Even through relying on the immune system of patients, cancer immunotherapy is still far from fully utilizing the entire body’s natural defense system. In fact, most of these treatments only utilize the ability of T cells to fight tumors. In a new study, researchers paved the way for the development of immunotherapy using a different, novel, and naturally occurring antibody. The results are published in Cell titled “Tumor-reactive antibodies evolve from non-binding and autoreactive precursors”.

Professor Ziv Shulman, co-author of the paper, said they have now confirmed that the immune system of cancer patients can produce antibodies against tumors. Professor Irit Sagi, another co-author, added that these natural antibodies seem to have more therapeutic potentials that were undiscovered. More research is needed to apply them as therapeutic approaches or diagnostic reagents.

Naturally occurring antibodies have been commonly found in tumors, but their role is unknown. Circumstantial evidence has suggested that they do offer some anti-tumor benefits: patients who live longer than others and are more responsive to anticancer drugs were found to have higher concentrations of antibody-producing B cells in tumor areas.
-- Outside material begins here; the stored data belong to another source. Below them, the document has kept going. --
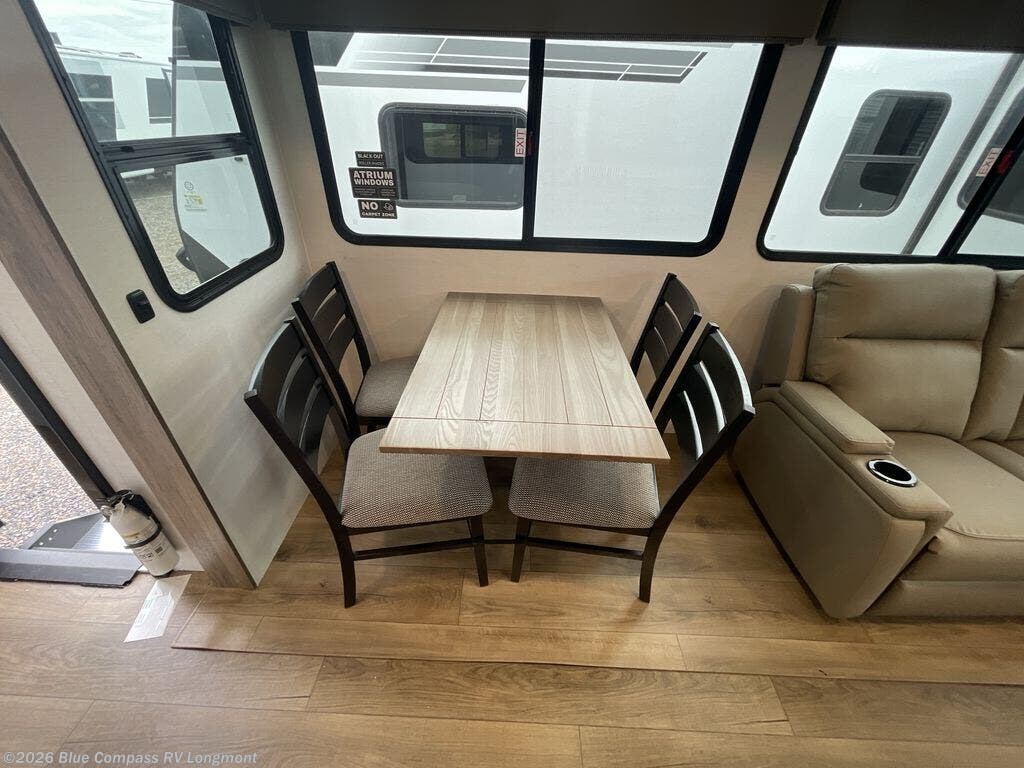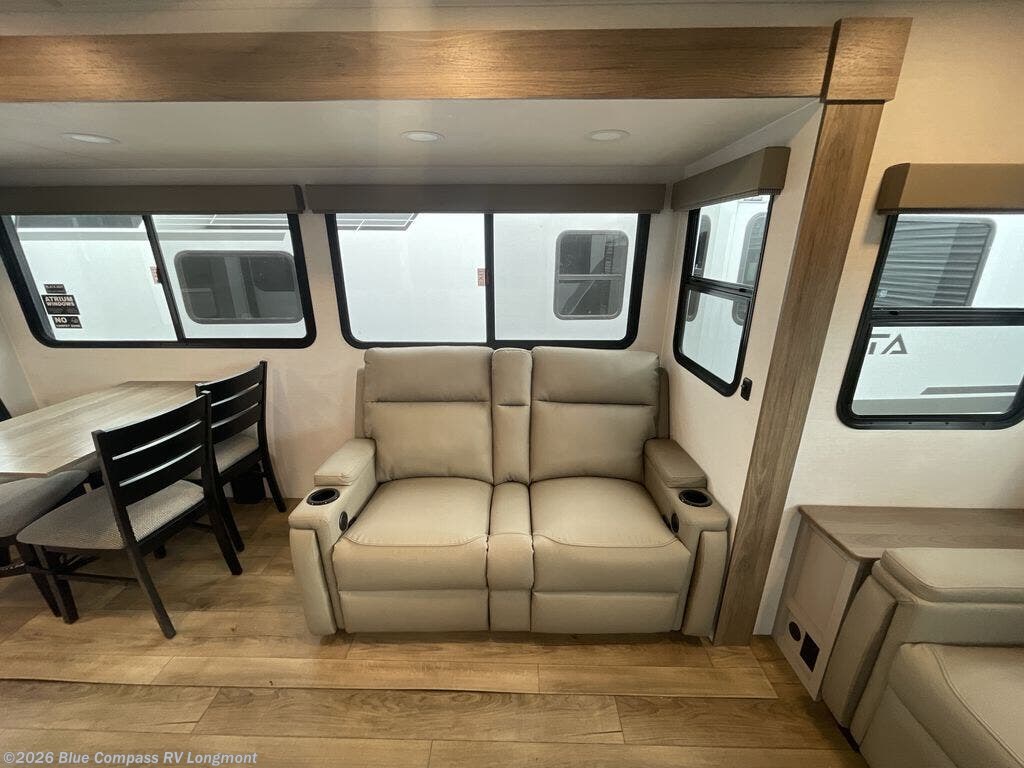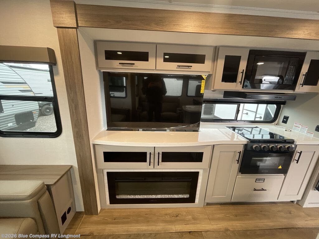 You will feel right at home camping in this travel trailer! The rear living area has a rear sofa and a set of theater seating conveniently across from the entertainment center with a 50" TV above a fireplace for a cozy evening indoors. Prepare your best home cooked meals with the three burner cooktop, kitchen island which even has a tip-out trash can, and 10 cu. ft. 12V refrigerator. Enjoy your meals at the dinette booth that can also be changed to a free standing dinette as an option then either freshen up in the full bathroom with the 30" x 36" shower or head outside to relax under one of the two awnings. The front private bedroom has a queen bed for you to lay your head on at night and has wardrobe nightstands for your items!
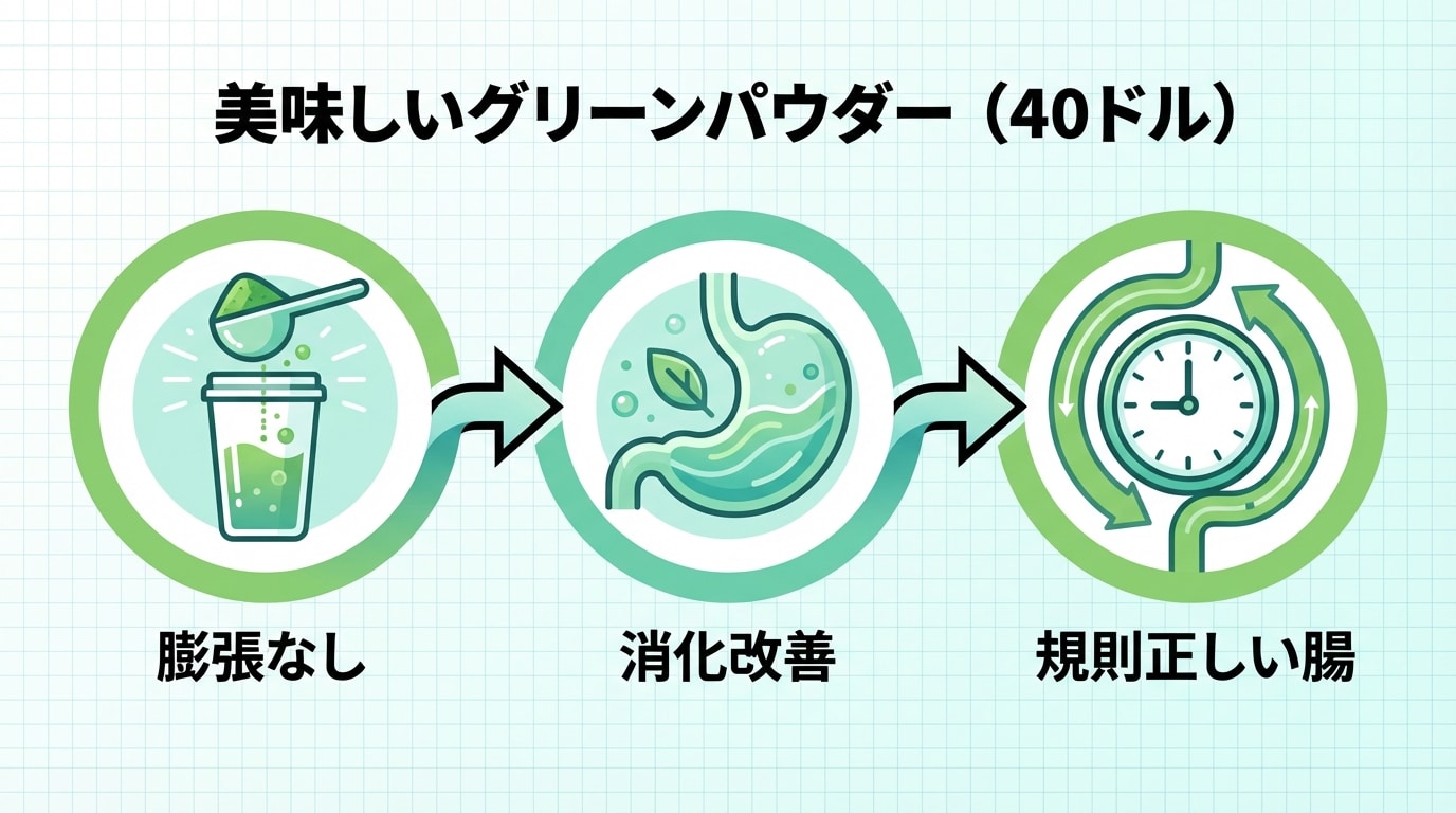 そんな中、グリーンズパウダーが救世主になる。でも、課題は山積み。高価なもの(例: $90クラス)はお財布を痛めるし、味が「泥水みたい」で続けられない。しかも、飲んだ後でお腹がぽっこり張る人多数。僕も一度、某有名グリーンズで「風船みたいに膨張」して、ジョークじゃなく辛かったよ。
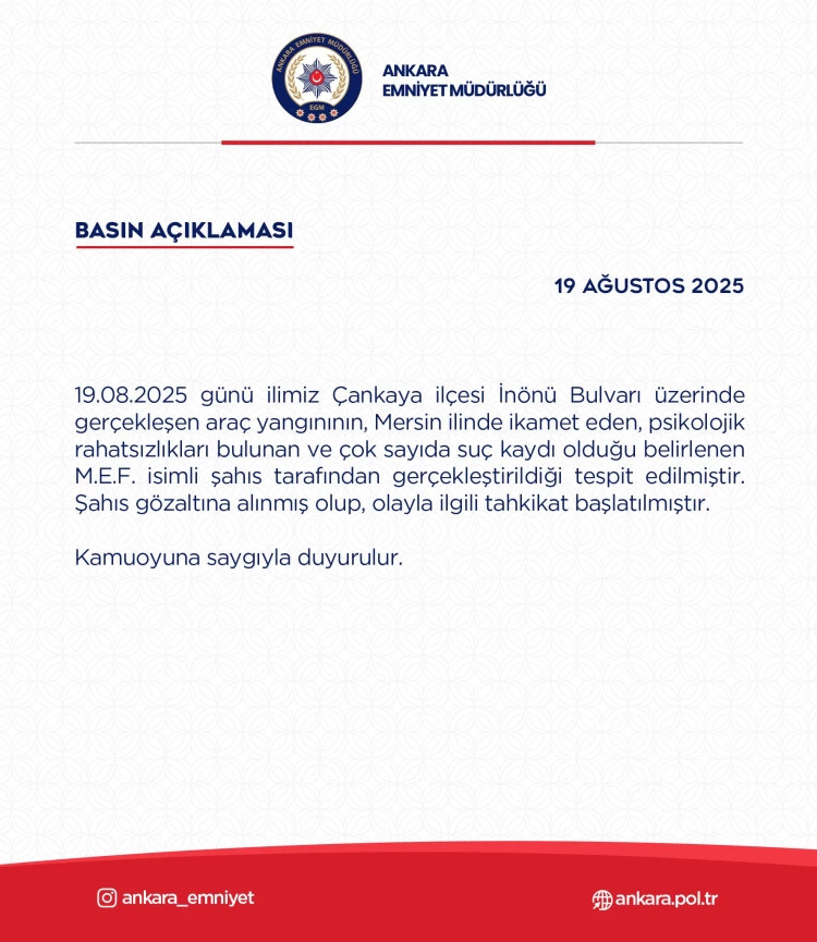ANKARA (İGFA) - Ankara Emniyet Müdürlüğü, Çankaya'daki araç yangınının Mersin’de ikamet eden, psikolojik rahatsızlıkları bulunduğu ve çok sayıda suç kaydı tespit edilen M.E.F. isimli şahıs tarafından gerçekleştirildiği belirtildi.
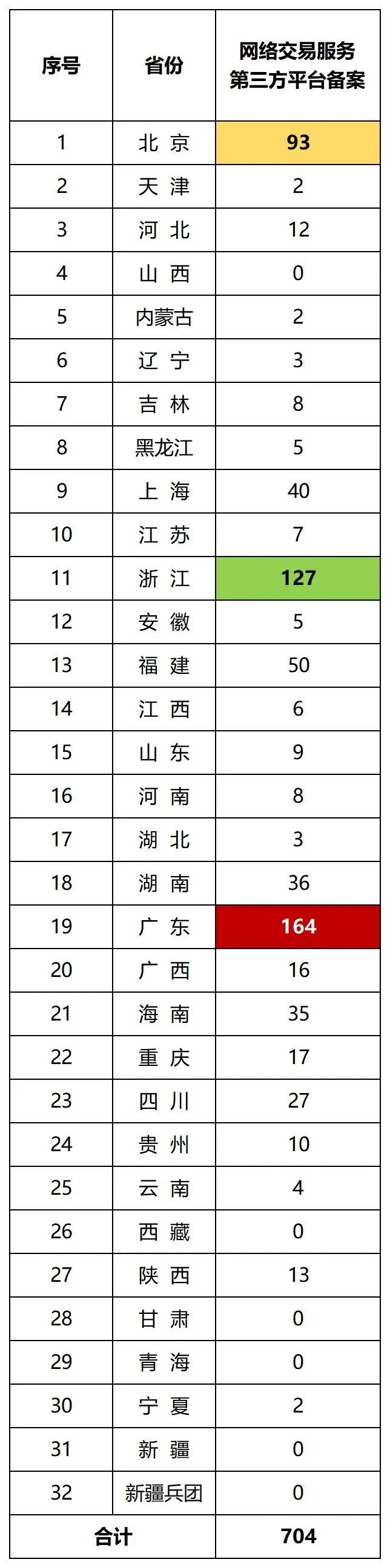 據(jù)國家藥監(jiān)局統(tǒng)計(jì),截至2023年2月28日,我國各省醫(yī)療器械醫(yī)療器械網(wǎng)絡(luò)交易服務(wù)第三方平臺(tái)數(shù)據(jù)如下:
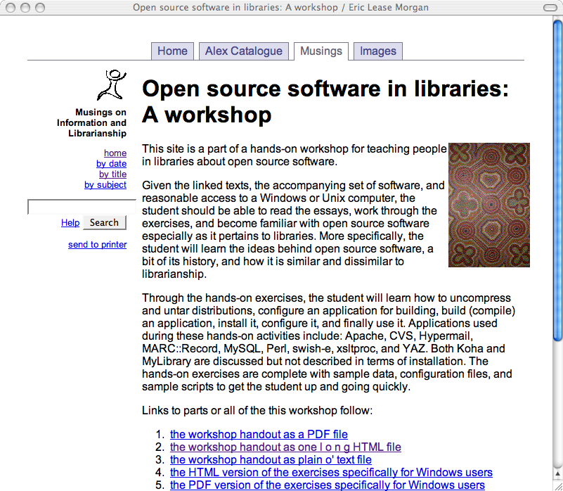 Sometimes I feel like Ben Franklin. He was a writer (a much better writer than myself). He owned his own printing press. (In fact he owned many of them across the colonies.) He also designed his own typeface. Not only that, he was Postmaster for a while. In short, he had control of the entire distribution process. With the advent of the Web, much of that same distribution process is available to people and institutions like myself. All that needs to be done is design systems that fit one's needs and implement them. Such things exemplify enormous opportunities for cultural heritage institution such as libraries, museums, and archives -- as well as individuals.
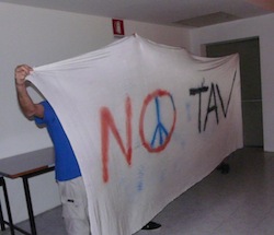 Nel mezzo della seduta, ad animare la serata, c’è stata anche una iniziativa militante dei No Tav locali (soprattutto persone dalle file della Federazione della Sinistra) che hanno srotolato uno striscione contro la grande opera in Val Susa. Il presidente Marco Casillo – che aveva già autorizzato gli agenti della Polizia Locale a lasciare l’aula e a tornare nelle strade per servizio – ha chiesto di ritirare lo striscione: «Credo che il messaggio sia stato ricevuto». I No-Tav ci hanno messo alcuni secondi a ritirare il lenzuolo colorato, questo ha causato proteste dall’opposizione. Giuseppe De Bernardi Martignoni (PdL) ha chiesto di parlare «per fatto personale», ma Casillo non gli ha dato la parola: «Non c’è fatto personale perché non c’è stato dibattito». E così lo stesso esponente del PdL ha abbandonato i banchi dell’opposizione, dando il via ad un successivo, breve dibattito sul’episodio. Lo stesso Martignoni – invitato dal presidente del consiglio – è rientrato poi in aula.
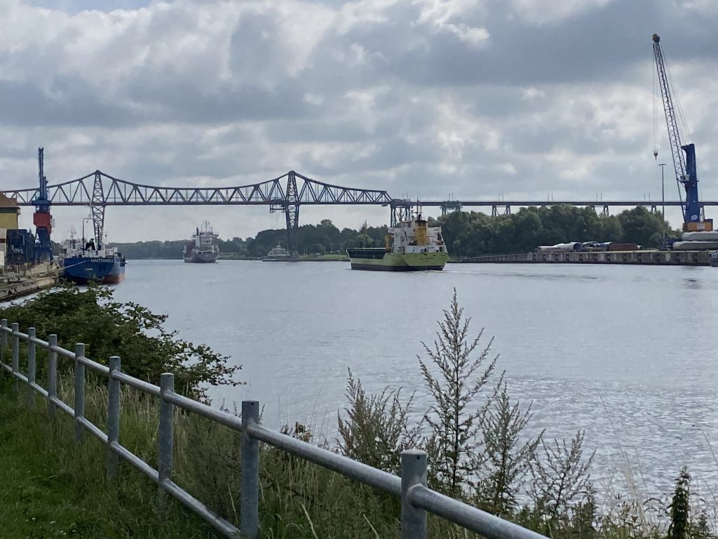 Schöner Stellplatz am Nord-Ostsee-Kanal auf der Rendsburger Seite. Direkt neben der Eisenbahn-Hochbrücke mit der Schwebefähre. Wer nicht auf Zugverkehr, Schiffshörnern, und Hupen steht, ist hier verkehrt. Der Geräuschpegel kann schon recht hoch sein. Heute liefen den ganzen Tag 2 Bagger und Kräne im nahegelegenen Hafen, die ein Schiff entladen haben.
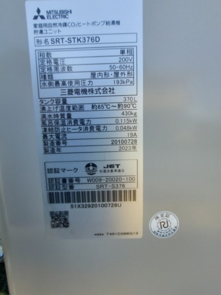 早川町湯島 三菱電機自然冷媒CO2家庭用ヒートポンプ給湯機 貯湯ユニットSRT-STK376D エコキュート交換工事
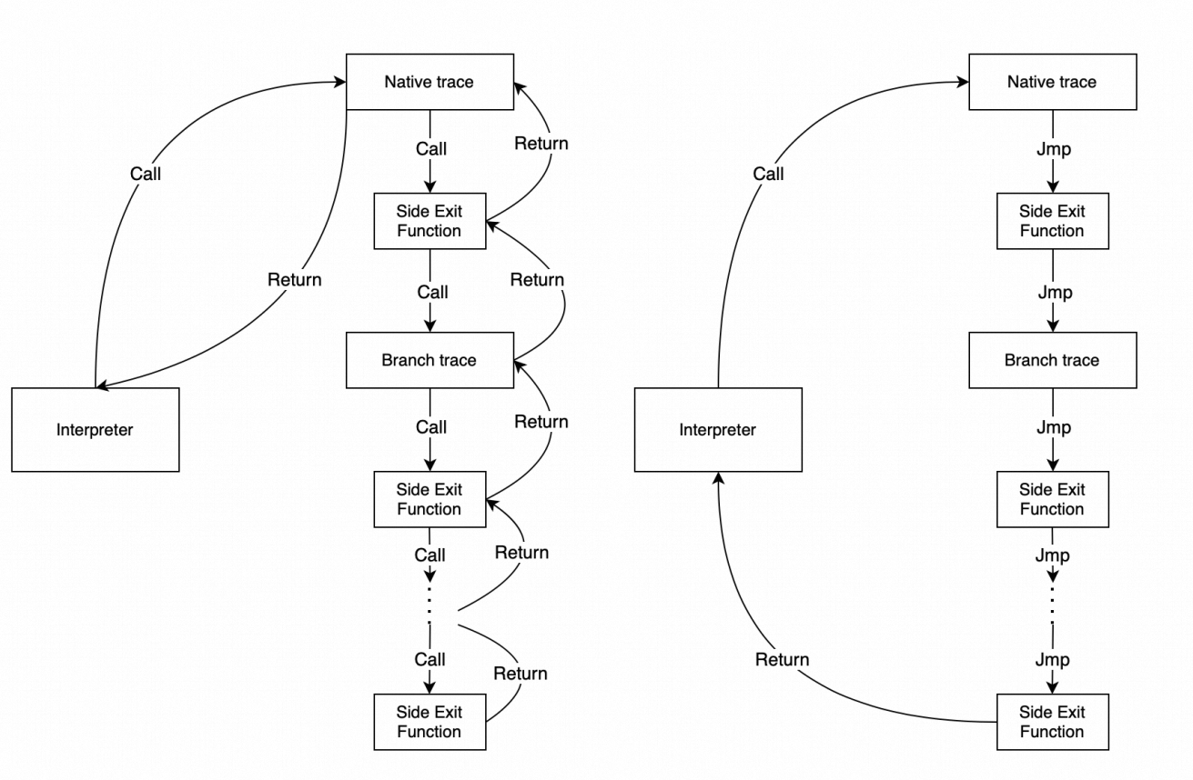 traces 用于存储所有跳出点的 native code 地址,用于实现 Trace Stitching,简单的说就是当分支判断失败后,不要直接回到解释器,而是先看看这个退出点是否存在另一条热路径,若有则直接转移控制权。
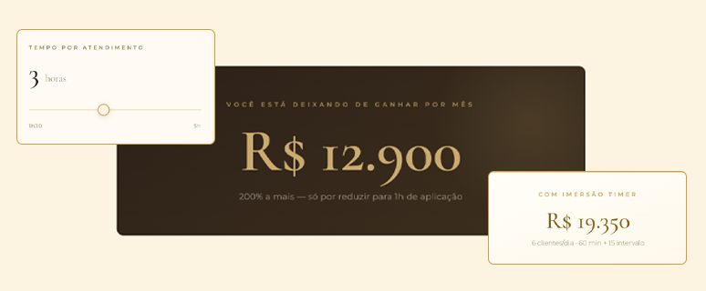 Você investe R$ 297. Aplica o método Imersão Timer. Dedica 15 minutos por dia de treino. Cronometra tudo. Em 21 dias, você reduz de 3h30 para 1h30. Atende 6 clientes por dia ao invés de 3. Fatura 4x mais. Tem orgulho do que conquistou.

After nearly six years of research, Dr. Mazor and other scientists have confirmed that natural antibodies in tumor tissues target and bind precisely to tumor molecules. The authors then sequenced the genome of B cells in the tumor and identified different gene fragments encoding antibodies that bind to tumor molecules.

Importantly, a new antibody-targeted molecule from thousands of proteins in cancer cells was identified, which is an enzyme called MMP14 (MT1-MMP), a membrane-binding protease. In healthy individuals, this enzyme plays an important role in reshaping tissue, like tissue regeneration or wound healing. While in cancer patients, it disturbs the tumor microenvironment and loses control, cutting the matrix around cancer cells, facilitating cancer cells to invade surrounding tissues and spread elsewhere, leading to cancer cell metastasis. Researchers discovered abnormally high levels of MMP14 in the ovarian tumors.

When attacking this enzyme, some antibodies have evolved, accumulated some mutations, and improved their adaptability to tumors. Professor Shulman said they didn’t expect to see such evolution around cancer. These changes are usually known to occur in infectious diseases in which antibodies gradually acquire mutations to help them better eliminate pathogens. But cancer is part of the patient’s own tissue, or the so-called “self” in the immune system.

The fact that antibodies target an enzyme in the body itself is surprising. Attacks by the immune system on the body’s own tissue are usually harmful, leading to autoimmune diseases. In cancer, however, this process is clearly beneficial. Equally puzzling is why this beneficial process failed to kill the tumor.

Professor Sagi suggested that one potential cause could be the failure of the immune system. The fight against infection may take only a week, while cancer can take months or even years to develop, and ways to evade the patient’s immunity need to be found in the process. After trying to fight cancer for such a long time, the immune system may be too tired to exhaustively kill tumors. Professor Shulman added that the antibodies attacked the tumor cells in the patient’s body, but the cells that could eradicate the tumor were missing. In fact, the authors found that there were very few natural killer cells in tissue samples taken from patients with ovarian tumors. But when they added natural killer cells and anti-tumor antibodies to the tissue culture, natural killer cells performed well in destroying tumors.

These findings brought about a brand new approach to facilitating the development of cancer immunotherapy, that is, the use of natural anti-tumor antibodies. So far, antibodies used to treat cancer have been synthesized on demand for known targets, rather than naturally produced by the patient’s immune system. This new method may help to find previously unknown targets on the surface of tumor cells, thus more effectively guiding the development of immunotherapy. Natural antibodies may also be developed as drugs that can be used alone or in combination with other treatments, and they have been proven to be helpful in early diagnosis of cancer.